#### Task directions
Given the material below, return only the lines starting at the line with "Czarna koszulka z" and ending at the line with "バーベナの根元から出てきた、この植物はなんでしょうか? 教えてください。", exactly as they appear.

#### Records supplied
···
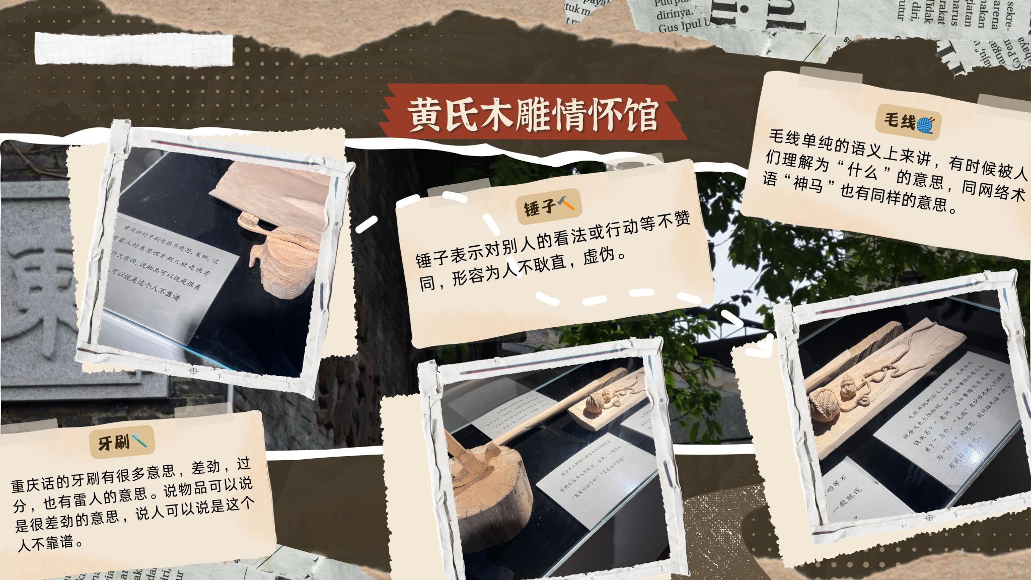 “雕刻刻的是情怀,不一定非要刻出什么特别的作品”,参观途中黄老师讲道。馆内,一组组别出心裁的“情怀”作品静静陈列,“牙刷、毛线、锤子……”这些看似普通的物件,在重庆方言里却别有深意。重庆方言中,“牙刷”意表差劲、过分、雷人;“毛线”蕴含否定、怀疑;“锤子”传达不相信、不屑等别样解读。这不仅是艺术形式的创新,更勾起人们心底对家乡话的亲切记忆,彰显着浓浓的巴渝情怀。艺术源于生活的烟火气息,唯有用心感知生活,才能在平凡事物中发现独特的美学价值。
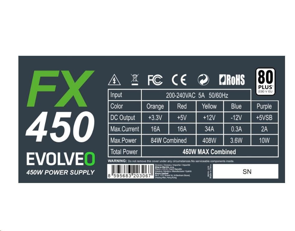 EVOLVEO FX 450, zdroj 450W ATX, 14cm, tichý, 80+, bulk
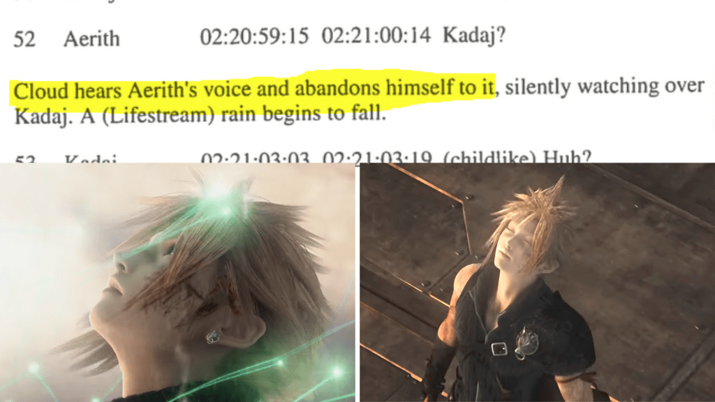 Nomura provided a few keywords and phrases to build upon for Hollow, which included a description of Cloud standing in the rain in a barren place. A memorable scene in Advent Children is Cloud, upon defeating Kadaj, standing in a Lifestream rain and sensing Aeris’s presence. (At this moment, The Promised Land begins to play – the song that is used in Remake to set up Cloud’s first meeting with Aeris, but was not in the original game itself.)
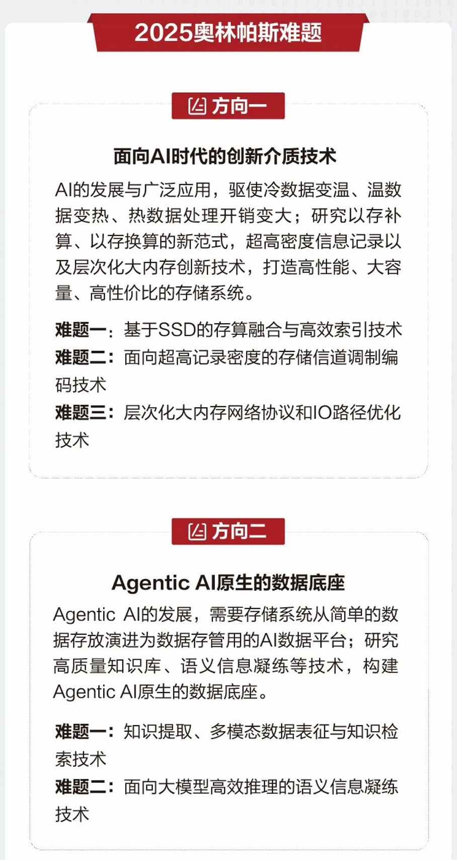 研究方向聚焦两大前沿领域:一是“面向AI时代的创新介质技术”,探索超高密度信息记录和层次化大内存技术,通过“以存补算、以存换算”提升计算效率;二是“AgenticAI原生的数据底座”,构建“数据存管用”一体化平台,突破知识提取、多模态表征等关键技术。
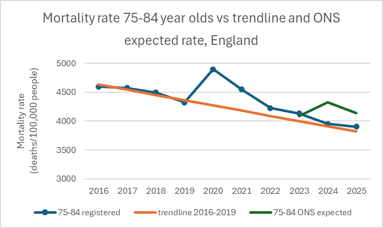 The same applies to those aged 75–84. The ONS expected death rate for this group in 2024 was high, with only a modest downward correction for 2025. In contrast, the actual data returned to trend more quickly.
···
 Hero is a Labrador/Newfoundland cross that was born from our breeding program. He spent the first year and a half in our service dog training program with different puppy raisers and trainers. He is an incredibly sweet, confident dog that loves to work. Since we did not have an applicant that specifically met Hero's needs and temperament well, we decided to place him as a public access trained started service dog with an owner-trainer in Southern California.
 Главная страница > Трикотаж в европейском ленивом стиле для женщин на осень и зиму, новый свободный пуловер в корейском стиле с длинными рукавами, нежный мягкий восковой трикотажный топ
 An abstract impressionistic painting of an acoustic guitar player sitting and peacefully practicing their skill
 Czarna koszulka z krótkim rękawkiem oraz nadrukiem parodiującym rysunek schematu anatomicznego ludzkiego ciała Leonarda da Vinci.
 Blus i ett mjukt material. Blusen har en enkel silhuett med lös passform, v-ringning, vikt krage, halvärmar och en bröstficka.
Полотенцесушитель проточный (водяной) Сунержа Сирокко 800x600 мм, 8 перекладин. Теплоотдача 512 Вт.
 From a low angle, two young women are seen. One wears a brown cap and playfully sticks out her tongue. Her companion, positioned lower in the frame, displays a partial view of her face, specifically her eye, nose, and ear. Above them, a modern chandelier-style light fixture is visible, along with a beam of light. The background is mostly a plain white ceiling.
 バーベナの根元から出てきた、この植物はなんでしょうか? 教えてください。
···
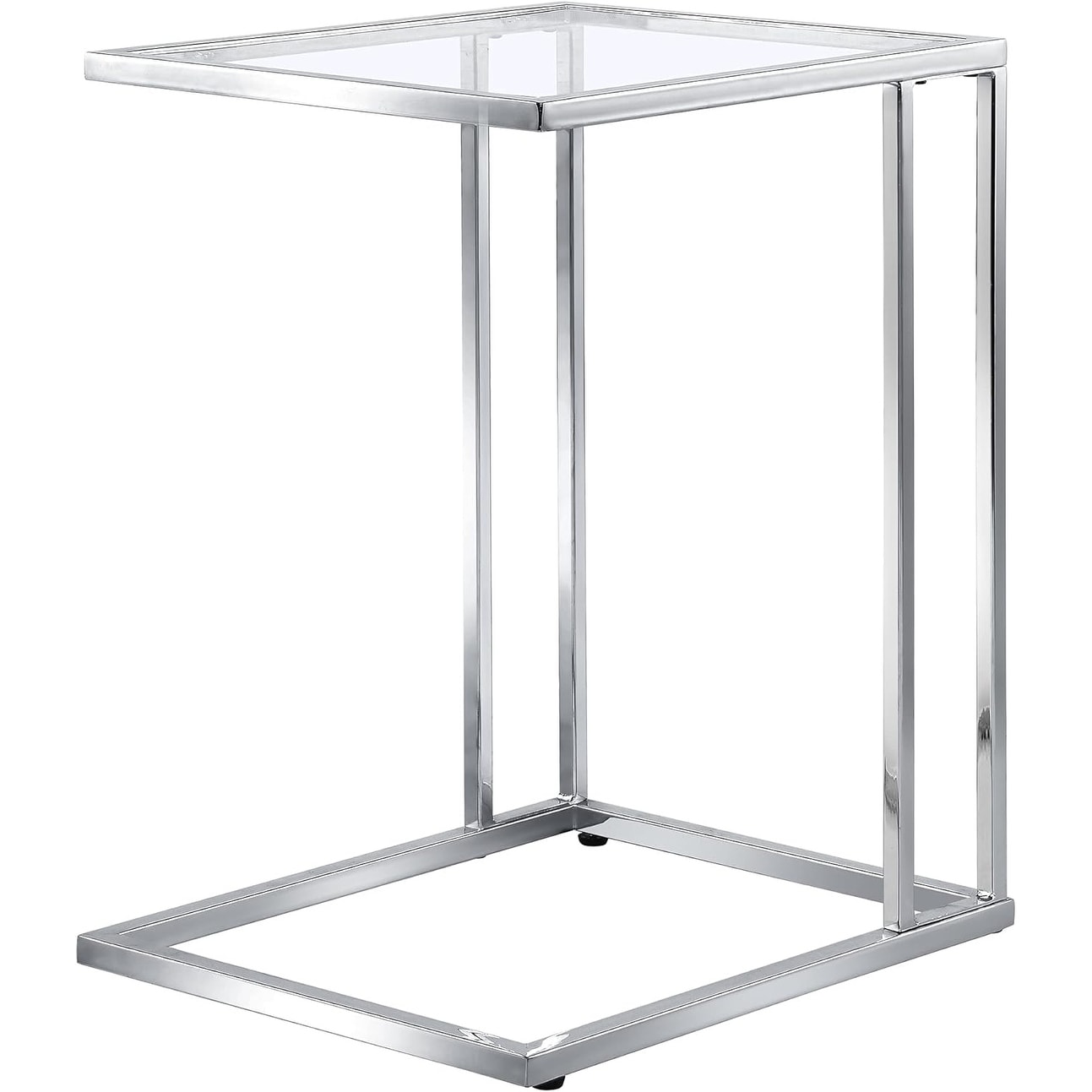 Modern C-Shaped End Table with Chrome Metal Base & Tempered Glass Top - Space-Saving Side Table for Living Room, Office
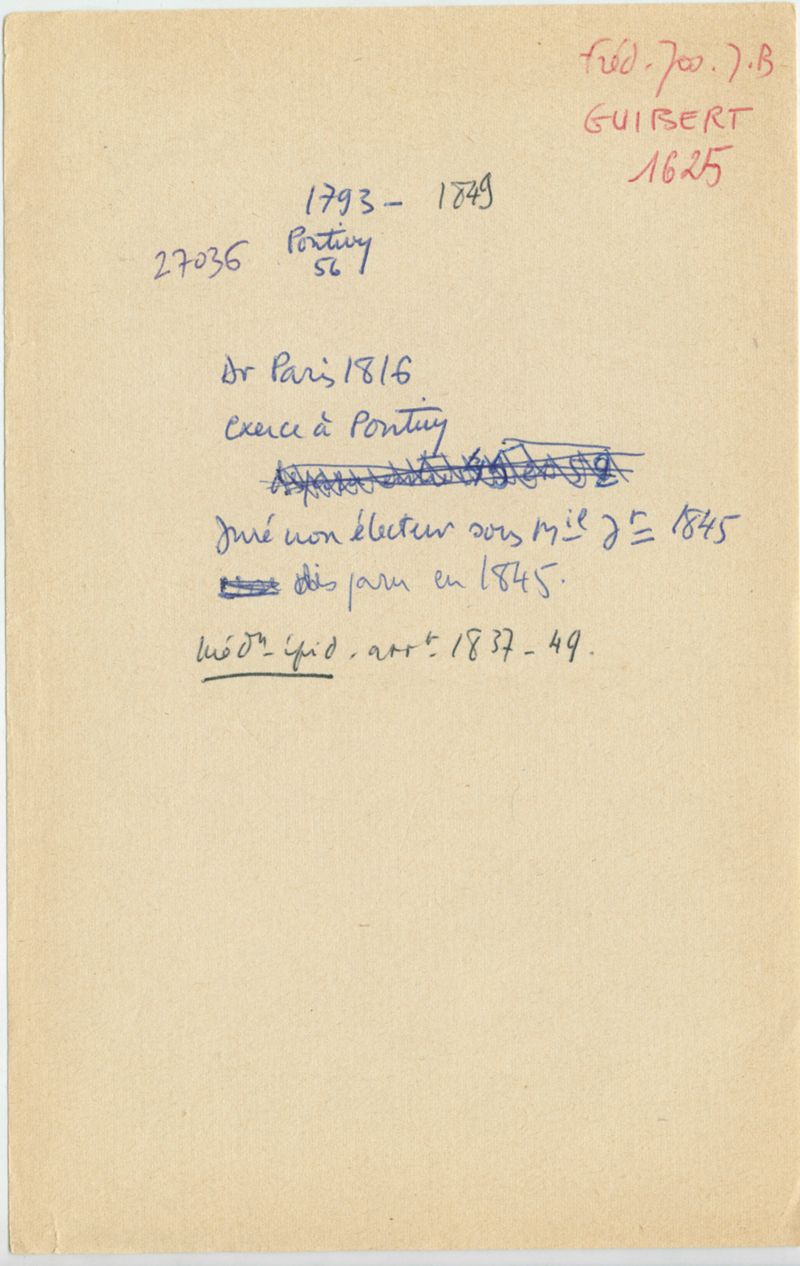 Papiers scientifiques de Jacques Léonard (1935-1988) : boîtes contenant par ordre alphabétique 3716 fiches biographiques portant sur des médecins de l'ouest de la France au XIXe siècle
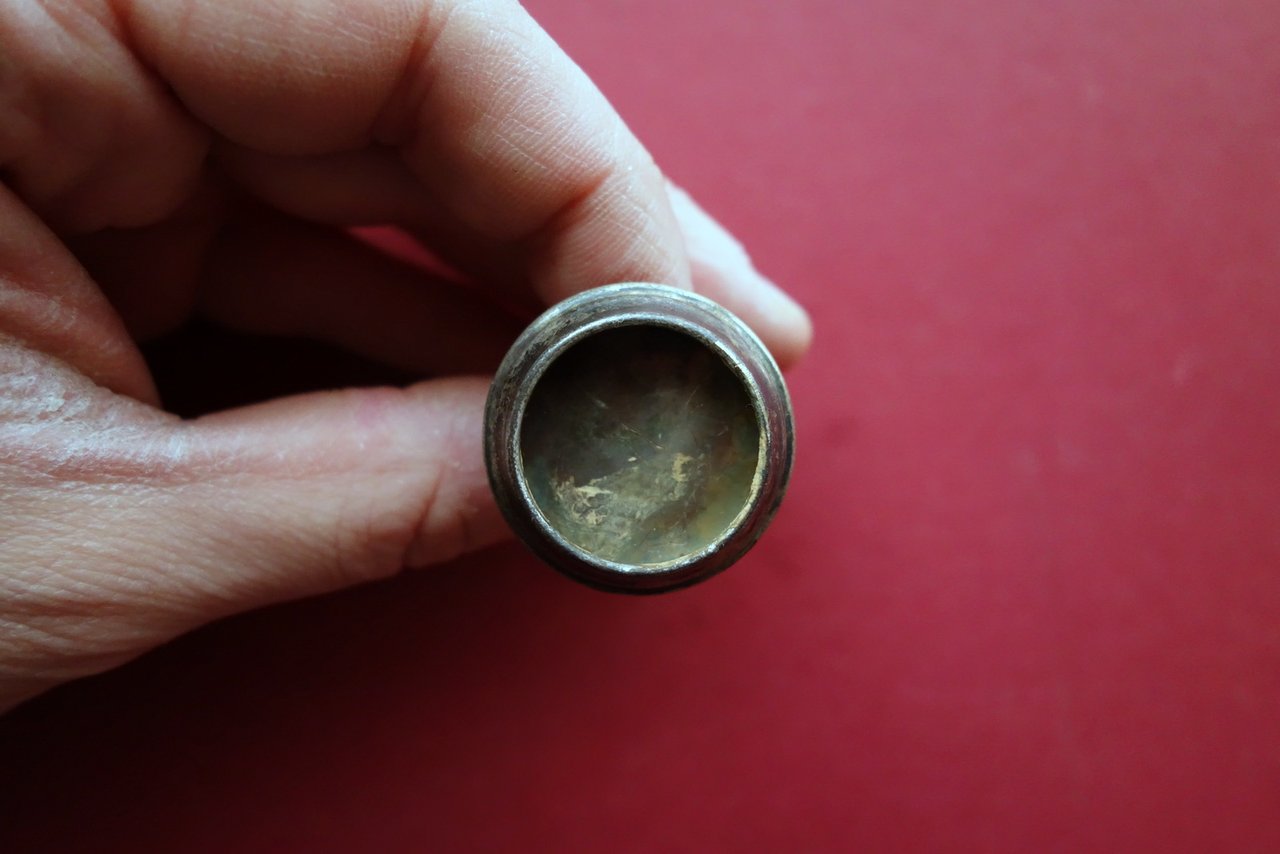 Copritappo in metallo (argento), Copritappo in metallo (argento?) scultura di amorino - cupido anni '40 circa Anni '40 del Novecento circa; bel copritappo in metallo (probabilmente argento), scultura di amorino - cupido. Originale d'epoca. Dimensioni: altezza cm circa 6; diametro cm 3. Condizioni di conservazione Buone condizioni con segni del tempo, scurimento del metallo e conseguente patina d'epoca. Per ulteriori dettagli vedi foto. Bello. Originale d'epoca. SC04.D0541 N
···
#### Reply to the exercise
 Czarna koszulka z krótkim rękawkiem oraz nadrukiem parodiującym rysunek schematu anatomicznego ludzkiego ciała Leonarda da Vinci.
 Blus i ett mjukt material. Blusen har en enkel silhuett med lös passform, v-ringning, vikt krage, halvärmar och en bröstficka.
Полотенцесушитель проточный (водяной) Сунержа Сирокко 800x600 мм, 8 перекладин. Теплоотдача 512 Вт.
 From a low angle, two young women are seen. One wears a brown cap and playfully sticks out her tongue. Her companion, positioned lower in the frame, displays a partial view of her face, specifically her eye, nose, and ear. Above them, a modern chandelier-style light fixture is visible, along with a beam of light. The background is mostly a plain white ceiling.
 バーベナの根元から出てきた、この植物はなんでしょうか? 教えてください。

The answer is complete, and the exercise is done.